This is recursive for nested arrays (arrays of arrays), though in practice GGUF files don’t use nested arrays. The common case is arrays of strings or arrays of floats, which skip efficiently.

Tensor Info Entries

After all metadata KV pairs, the file contains tensor info entries. Each entry describes one tensor: its name, shape, data type, and offset into the data section.

  +-------------------------------+
  |  Tensor name (GGUF string)    |
  +-------------------------------+
  |  Number of dimensions (u32)   |
  +-------------------------------+
  |  Dimension 0  (u64)           |
  |  Dimension 1  (u64)           |
  |  ...up to 4 dims              |
  +-------------------------------+
  |  Data type    (u32)           |
  +-------------------------------+
  |  Offset       (u64)           |
  +-------------------------------+

Let’s work through a concrete example. A Q4_0-quantized attention Q projection weight for a 4096-dim model with 32 heads might look like:

  Name:       "blk.0.attn_q.weight"
  n_dims:     2
  dims[0]:    4096         (output dimension = dim)
  dims[1]:    4096         (input dimension = dim)
  dtype:      2            (GGUF_DTYPE_Q4_0)
  offset:     0x00000000   (first tensor, starts at data_base)

  n_elements: 4096 * 4096 = 16,777,216
  bytes:      16,777,216 / 32 * 18 = 9,437,184  (about 9 MB)
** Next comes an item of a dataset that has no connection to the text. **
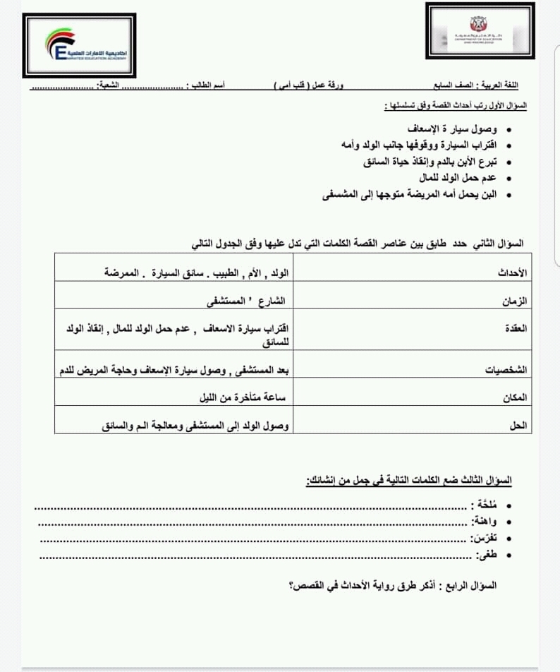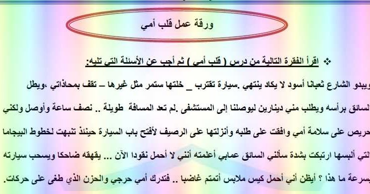 ورقة عمل قلب امي في اللغة العربية للصف السابع الفصل الثاني

The parser stores this in a GGUFTensorInfo struct:

typedef struct {
    const char *name;
    uint64_t n_elements;
    uint32_t n_dims;
    uint64_t dims[4];
    uint64_t offset;
    uint32_t dtype;
} GGUFTensorInfo;

Note that n_elements is computed during parsing by multiplying all dimensions together. The parser also checks for overflow:

ti.n_elements = 1;
for (uint32_t d = 0; d < ti.n_dims; d++) {
    ti.dims[d] = read_u64(f);
    if (ti.dims[d] > 0 &&
        ti.n_elements > UINT64_MAX / ti.dims[d]) {
        fprintf(stderr, "dimension overflow\n");
        return nullptr;
    }
    ti.n_elements *= ti.dims[d];
}

That overflow check matters. A malicious GGUF file could set dimensions to absurd values, and without the check, n_elements would wrap around to a small number, leading to undersized buffer allocations and memory corruption.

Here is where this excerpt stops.